* EXCERPTED DATA *
====

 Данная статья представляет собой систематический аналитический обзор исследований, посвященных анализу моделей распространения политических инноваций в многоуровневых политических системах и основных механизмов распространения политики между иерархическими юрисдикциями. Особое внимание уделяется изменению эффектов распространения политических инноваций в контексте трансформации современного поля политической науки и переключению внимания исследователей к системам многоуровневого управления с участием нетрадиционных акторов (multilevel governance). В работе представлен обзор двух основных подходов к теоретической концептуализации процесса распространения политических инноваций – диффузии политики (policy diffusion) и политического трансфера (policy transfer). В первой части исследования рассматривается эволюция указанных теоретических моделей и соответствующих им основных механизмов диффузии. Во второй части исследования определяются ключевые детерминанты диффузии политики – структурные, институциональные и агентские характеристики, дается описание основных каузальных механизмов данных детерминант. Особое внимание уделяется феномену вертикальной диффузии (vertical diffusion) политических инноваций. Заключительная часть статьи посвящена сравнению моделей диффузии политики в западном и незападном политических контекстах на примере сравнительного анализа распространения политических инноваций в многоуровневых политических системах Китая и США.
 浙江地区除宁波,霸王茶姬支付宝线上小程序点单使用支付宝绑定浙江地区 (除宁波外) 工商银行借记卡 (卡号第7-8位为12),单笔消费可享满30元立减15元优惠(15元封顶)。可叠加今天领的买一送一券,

====

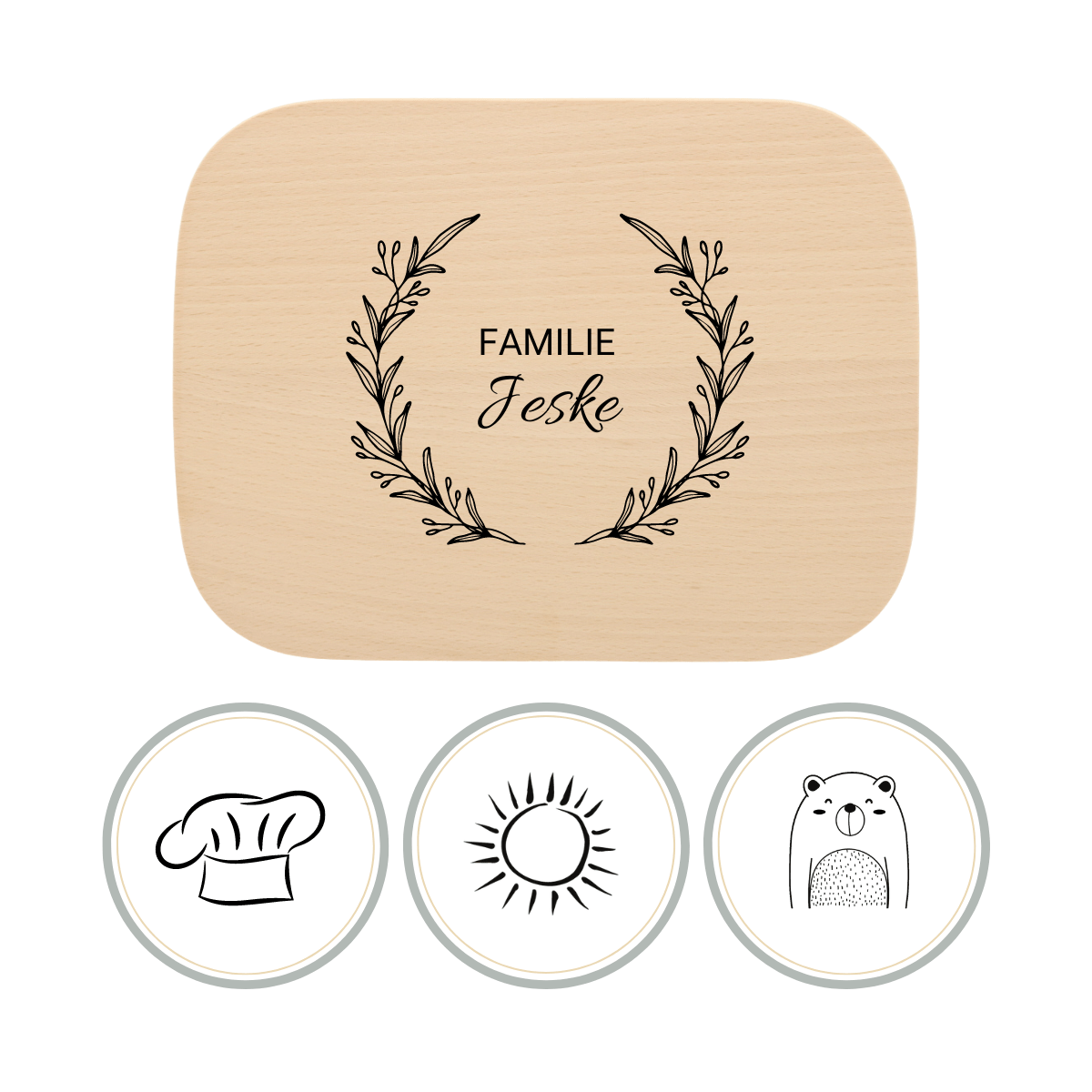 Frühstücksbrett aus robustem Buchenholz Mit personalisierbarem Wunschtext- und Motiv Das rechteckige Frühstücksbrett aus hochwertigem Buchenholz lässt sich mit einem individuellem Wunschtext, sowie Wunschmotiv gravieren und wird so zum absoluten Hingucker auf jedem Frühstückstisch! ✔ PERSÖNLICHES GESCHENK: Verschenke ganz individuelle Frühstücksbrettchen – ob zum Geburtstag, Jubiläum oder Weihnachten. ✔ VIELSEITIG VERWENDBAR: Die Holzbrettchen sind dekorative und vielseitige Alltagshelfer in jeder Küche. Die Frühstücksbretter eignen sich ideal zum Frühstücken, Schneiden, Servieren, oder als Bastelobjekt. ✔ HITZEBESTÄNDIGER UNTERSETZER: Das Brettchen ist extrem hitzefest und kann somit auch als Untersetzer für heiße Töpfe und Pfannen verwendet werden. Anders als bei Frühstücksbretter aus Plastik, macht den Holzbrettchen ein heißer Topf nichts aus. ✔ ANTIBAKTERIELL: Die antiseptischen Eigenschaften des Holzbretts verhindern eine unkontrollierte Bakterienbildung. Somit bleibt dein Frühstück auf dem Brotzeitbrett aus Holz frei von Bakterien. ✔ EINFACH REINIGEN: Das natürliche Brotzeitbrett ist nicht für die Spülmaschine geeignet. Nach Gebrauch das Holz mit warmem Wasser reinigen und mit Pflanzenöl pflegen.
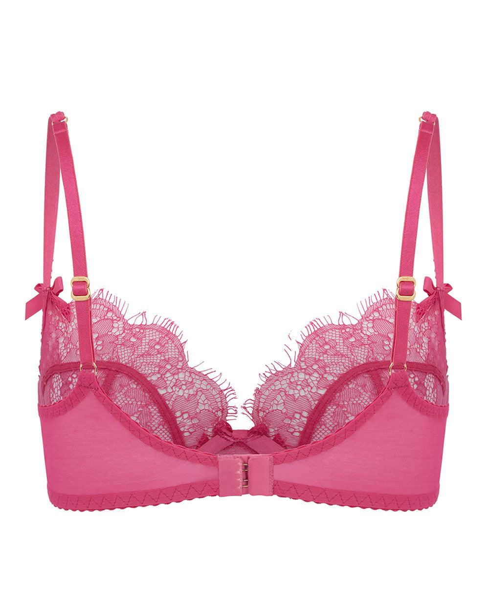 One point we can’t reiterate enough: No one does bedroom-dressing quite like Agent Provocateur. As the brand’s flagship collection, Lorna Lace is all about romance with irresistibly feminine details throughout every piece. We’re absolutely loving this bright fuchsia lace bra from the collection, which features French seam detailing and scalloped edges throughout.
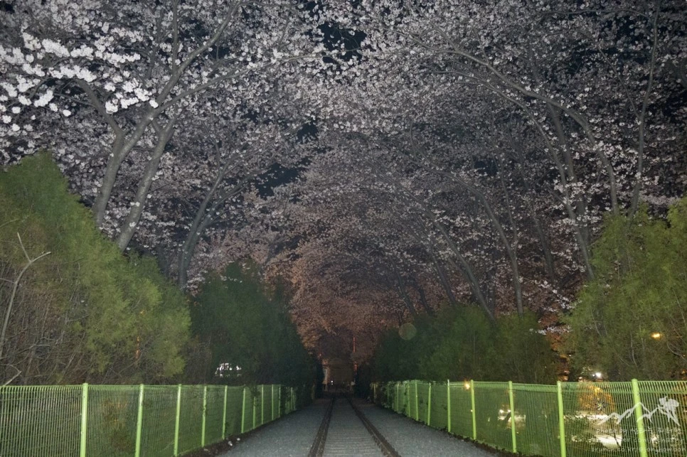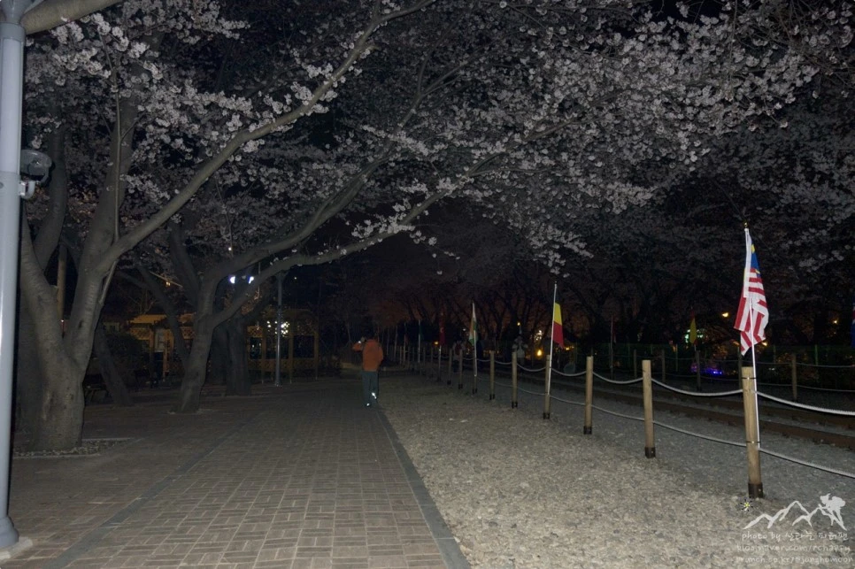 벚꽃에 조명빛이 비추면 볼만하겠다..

====

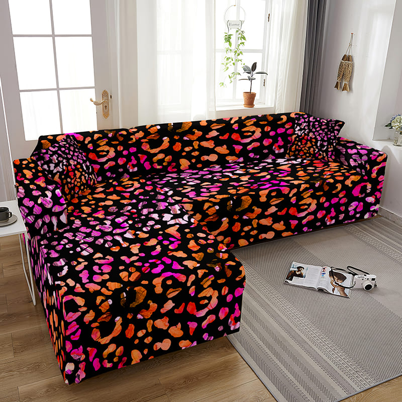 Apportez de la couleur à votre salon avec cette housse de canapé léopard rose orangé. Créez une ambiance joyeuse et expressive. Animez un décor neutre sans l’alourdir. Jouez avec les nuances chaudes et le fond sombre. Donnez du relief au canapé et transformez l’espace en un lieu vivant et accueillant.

====

* REQUIREMENT *
When copying from the data above, begin at the line containing "One point we" and end at the line containing "벚꽃에 조명빛이 비추면 볼만하겠다.."; return those lines exactly and leave all pictures behind.

* EXERCISE SOLUTION *
 One point we can’t reiterate enough: No one does bedroom-dressing quite like Agent Provocateur. As the brand’s flagship collection, Lorna Lace is all about romance with irresistibly feminine details throughout every piece. We’re absolutely loving this bright fuchsia lace bra from the collection, which features French seam detailing and scalloped edges throughout.
 벚꽃에 조명빛이 비추면 볼만하겠다..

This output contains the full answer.